* [What the task requires] In your copy, include every line of the listing below exactly but none of the pictures.

* [Data in this exercise]
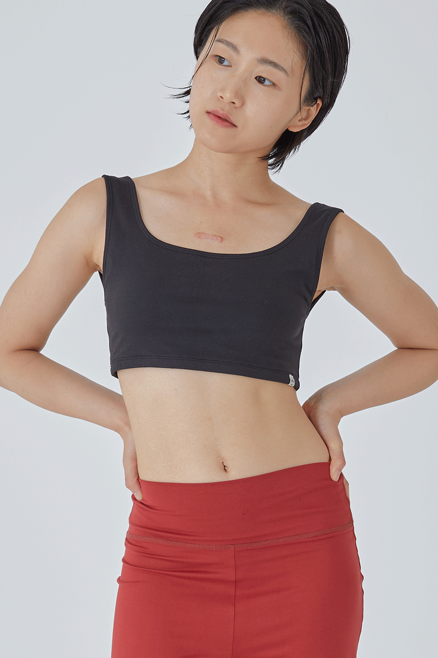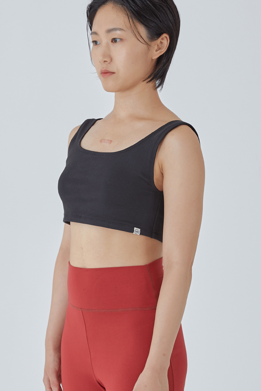 가슴 앞면은 2겹의 제원단, 1겹의 메쉬 원단으로 봉제되어 땀이 났을 때 빠르게 마를 수 있도록 통기성을 높였으며 브라 패드 탈부착이 가능합니다. 제품은 브라 패드가 포함되어 있습니다.
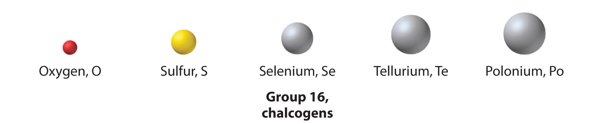 The group 16 elements are often referred to as the chalcogensThe elements in group 16 of the periodic table.—from the Greek chalk, meaning “copper,” and genes, meaning “producing”—because the most ancient copper ore, copper sulfide, is also rich in two other group 16 elements: selenium and tellurium. Once again, the lightest member of the family has unique properties. In its most common pure form, oxygen is a diatomic gas (O2), whereas sulfur is a volatile solid with S8 rings, selenium and tellurium are gray or silver solids that have chains of atoms, and polonium is a silvery metal with a regular array of atoms. Like astatine and radon, polonium is a highly radioactive metallic element.
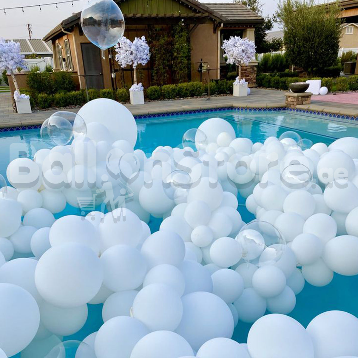 For pool parties, use floating balloons or balloon clusters around the pool. Floating balloons add a playful yet elegant touch, while clusters around the pool’s edge create a stunning visual effect.
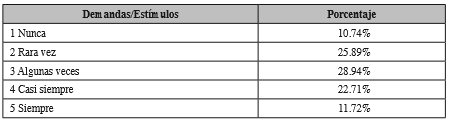 La tercera sección cuenta con 8 ítems, con un modelo de marcaje de respuestas modelo Lickert, en la que las opciones de respuestas oscilan en un rango de 1 a 5, en la que 1 representa nunca, 2 representa rara vez, 3 representa algunas veces, 4 representa casi siempre y 5 representa siempre. Esta sección permite identificar las demandas externas y su valorización como estímulos estresores.
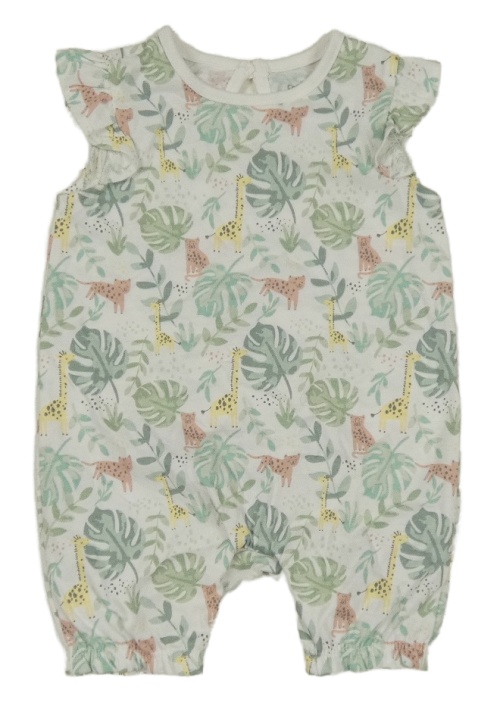 Bílý bavlněný kraťasový overal s květinami a zvířaty F&F
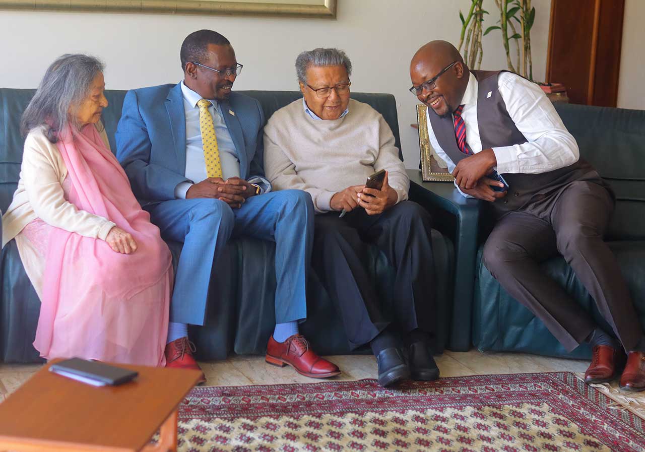 Our VC & CEO, Prof. Isaiah Wakindiki paid a courtesy call to Dr. Manu Chandaria, Honorary Alumnus of KCA University & Chairman of Comcraft Kenya Ltd and his wife Aruna Chandaria at their home.
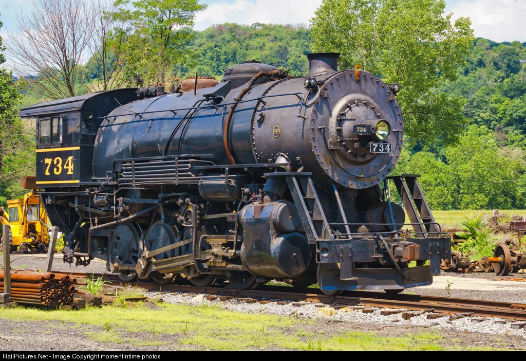 RailPictures.Net Photo: WMSR 734 Western Maryland Scenic Railroad Steam 2-8-0 at Ridgley, West Virginia by momentintime.photos
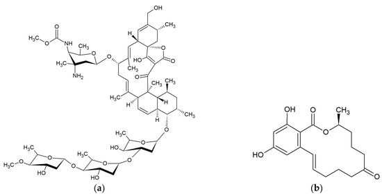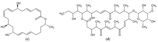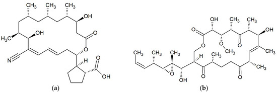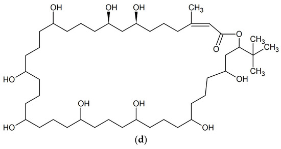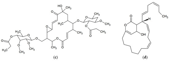 Macrolactins are a big group of 22- to 25-membered lactone macrolides. Some of these were isolated from a culture of Bacillus sp. PP19-H3 obtained from the macroalga Schizymenia dubyi collected on the Omaezaki coast of Shizuoka prefecture in Japan. Macrolactins A (Figure 8c), F, G, I, J, K, and L are 24-membered macrolides, macrolactin H is 22-membered, and macrolactin is M a 25-membered lactone. Macrolactins A, G, H, I, J, L, and M were effective against Staphylococcus aureus (MICs 5–10 ppm), and Bacillus subtilis (MICs 30–60 ppm). The macrolactins F and K had low activity against the above bacteria (MICs 80 and >100). None of the studied macrolides inhibited Escherichia coli or Salinivibrio costicola [77,78]. In other studies, macrolactin A did not have any antimicrobial activity [79,80].

* [Answer for this exercise]
 가슴 앞면은 2겹의 제원단, 1겹의 메쉬 원단으로 봉제되어 땀이 났을 때 빠르게 마를 수 있도록 통기성을 높였으며 브라 패드 탈부착이 가능합니다. 제품은 브라 패드가 포함되어 있습니다.
 The group 16 elements are often referred to as the chalcogensThe elements in group 16 of the periodic table.—from the Greek chalk, meaning “copper,” and genes, meaning “producing”—because the most ancient copper ore, copper sulfide, is also rich in two other group 16 elements: selenium and tellurium. Once again, the lightest member of the family has unique properties. In its most common pure form, oxygen is a diatomic gas (O2), whereas sulfur is a volatile solid with S8 rings, selenium and tellurium are gray or silver solids that have chains of atoms, and polonium is a silvery metal with a regular array of atoms. Like astatine and radon, polonium is a highly radioactive metallic element.
 For pool parties, use floating balloons or balloon clusters around the pool. Floating balloons add a playful yet elegant touch, while clusters around the pool’s edge create a stunning visual effect.
 La tercera sección cuenta con 8 ítems, con un modelo de marcaje de respuestas modelo Lickert, en la que las opciones de respuestas oscilan en un rango de 1 a 5, en la que 1 representa nunca, 2 representa rara vez, 3 representa algunas veces, 4 representa casi siempre y 5 representa siempre. Esta sección permite identificar las demandas externas y su valorización como estímulos estresores.
 Bílý bavlněný kraťasový overal s květinami a zvířaty F&F
 Our VC & CEO, Prof. Isaiah Wakindiki paid a courtesy call to Dr. Manu Chandaria, Honorary Alumnus of KCA University & Chairman of Comcraft Kenya Ltd and his wife Aruna Chandaria at their home.
 RailPictures.Net Photo: WMSR 734 Western Maryland Scenic Railroad Steam 2-8-0 at Ridgley, West Virginia by momentintime.photos
 Macrolactins are a big group of 22- to 25-membered lactone macrolides. Some of these were isolated from a culture of Bacillus sp. PP19-H3 obtained from the macroalga Schizymenia dubyi collected on the Omaezaki coast of Shizuoka prefecture in Japan. Macrolactins A (Figure 8c), F, G, I, J, K, and L are 24-membered macrolides, macrolactin H is 22-membered, and macrolactin is M a 25-membered lactone. Macrolactins A, G, H, I, J, L, and M were effective against Staphylococcus aureus (MICs 5–10 ppm), and Bacillus subtilis (MICs 30–60 ppm). The macrolactins F and K had low activity against the above bacteria (MICs 80 and >100). None of the studied macrolides inhibited Escherichia coli or Salinivibrio costicola [77,78]. In other studies, macrolactin A did not have any antimicrobial activity [79,80].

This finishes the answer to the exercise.